Task description: At the line containing "Set of 3 Vintage", begin an exact copy of the lines below and continue through the final one, with no pictures.

(Extracted records)

.....

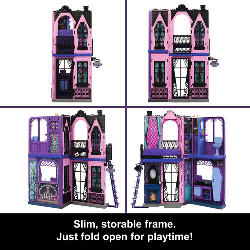 This enchanting doll house features spooky surprises in every room, as well as 13+ accessories for sparking imaginations. When playtime is over, fold the doll house for easy storage!
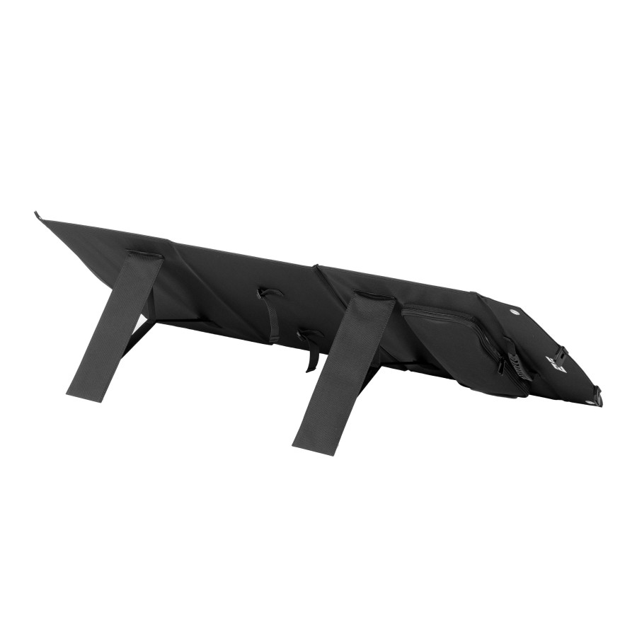Панель 2E-LSFC-100 підключається до електростанції через наявний у комплекті кабель та різноманітні перехідники. 2E-LSFC-100 оснащено вихідними рознімами USB-A (24 Вт), USB-C (45 Вт) та портом DC 18 В/5,5 A, 100 Вт (макс.), завдяки яким можна під’єднати майже будь-який пристрій. Модель має габарити 390 × 540 × 45 мм і важить 3,9 кг, та попри це залишається мобільною, адже має складану конструкцію та спеціальне руків’я для зручного транспортування. У розгорнутому стані панель має більший розмір – 1 345 × 540 × 25 мм.
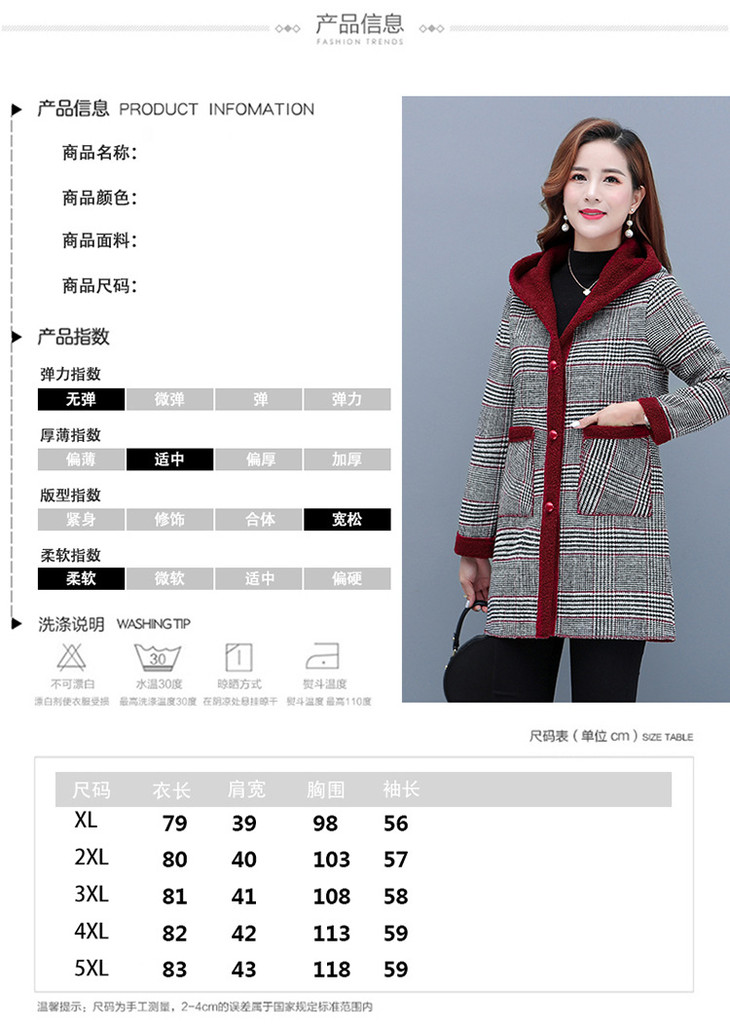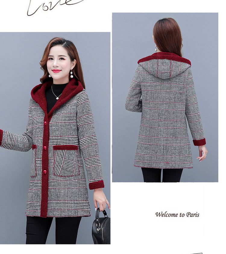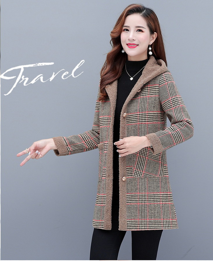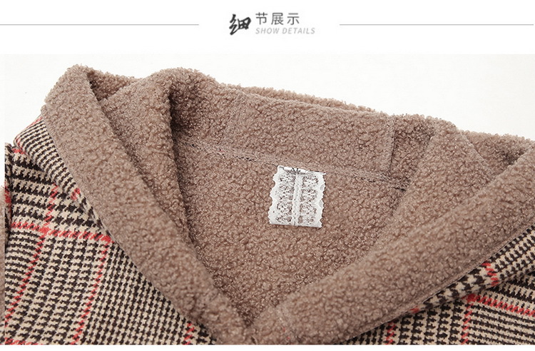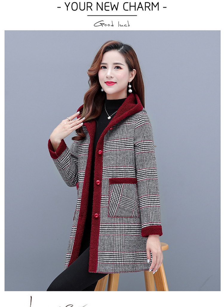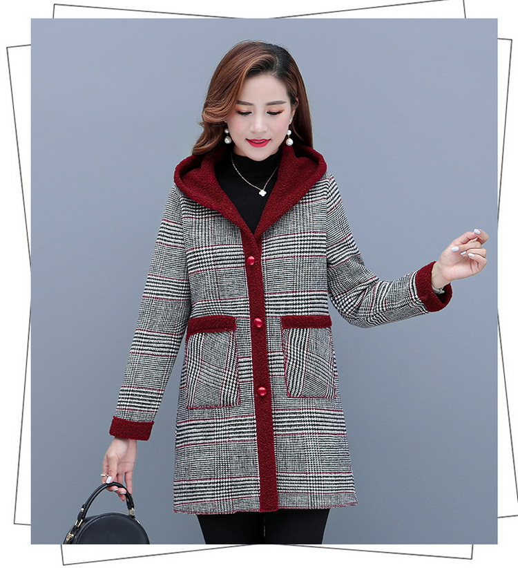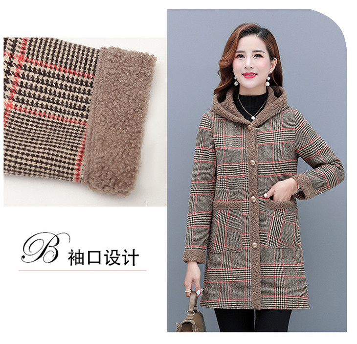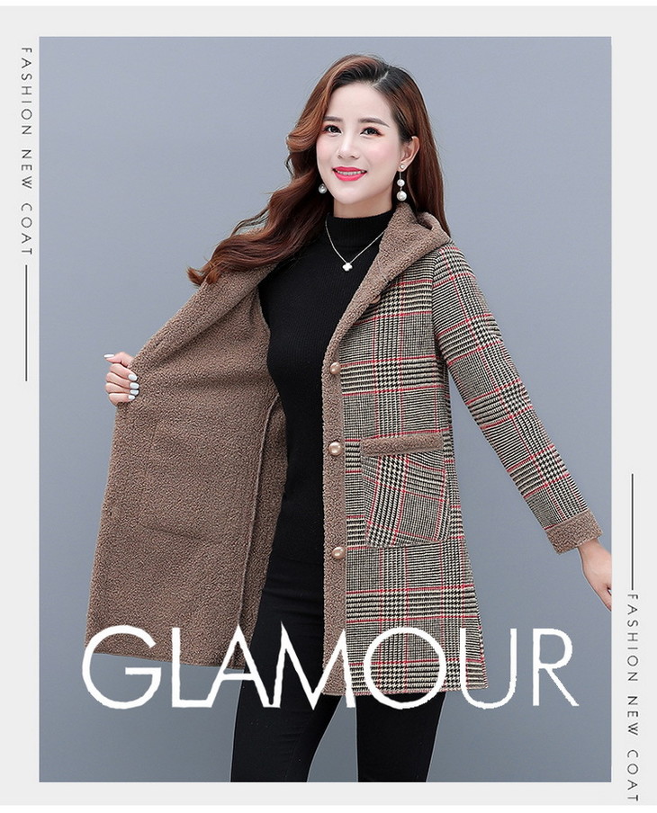 MQ-MZX296秋冬新款中长款韩版连帽款千鸟格大衣一件
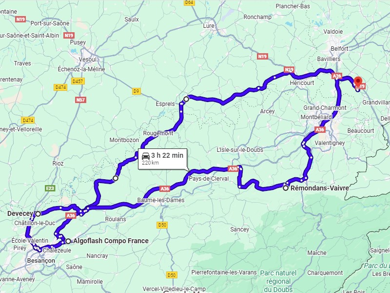 Le réservoir de mazout sonne creux, je passe au dépôt vite fait. Cette fois je prends un peu d'autoroute jusqu'à L'Isle sur le Doubs, faut livrer foulée. Sur les coups de 16h je suis à Pont de Roide chez un emboutisseur, deux palettes c'est vite fait.
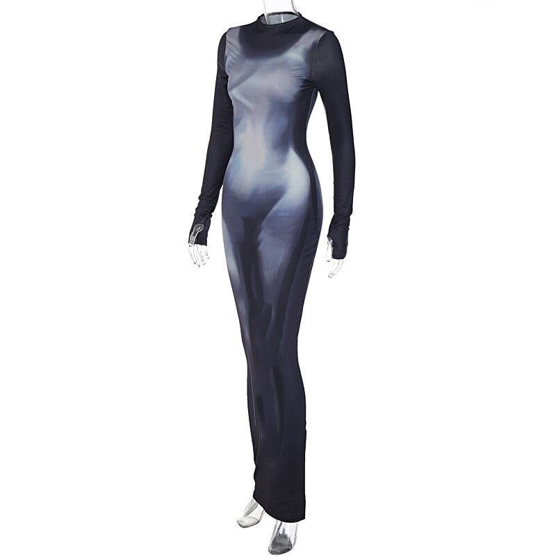 送料無料 Mozision 絞り染めプリントマキシドレス女性ローブ春 O ネックフルスリーブボディコンパーティーロングドレス Vestido スプリング 春物 Oネック AE121288842169949632
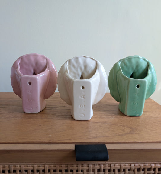 Set of 3 Vintage Ceramic Peacock Wall Planters Made in USA Pink Green and White
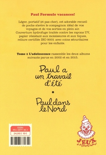 Léger, portatif (et pas cher), cet adorable recueil de poche s'avère le compagnon idéal de vos voyages et de vos sorties en plein air. Couverture hydrofuge traitée contre les rayons UV, papier résistant aux moisissures et aux tiques, reliure certifiée ISO 9001 avec coins sécuritaires pour les enfants. Tome 1, L'adolescence rassemble les deux albums suivants parus en 2002 et en 2015.

.....

Worked solution:
 Set of 3 Vintage Ceramic Peacock Wall Planters Made in USA Pink Green and White
 Léger, portatif (et pas cher), cet adorable recueil de poche s'avère le compagnon idéal de vos voyages et de vos sorties en plein air. Couverture hydrofuge traitée contre les rayons UV, papier résistant aux moisissures et aux tiques, reliure certifiée ISO 9001 avec coins sécuritaires pour les enfants. Tome 1, L'adolescence rassemble les deux albums suivants parus en 2002 et en 2015.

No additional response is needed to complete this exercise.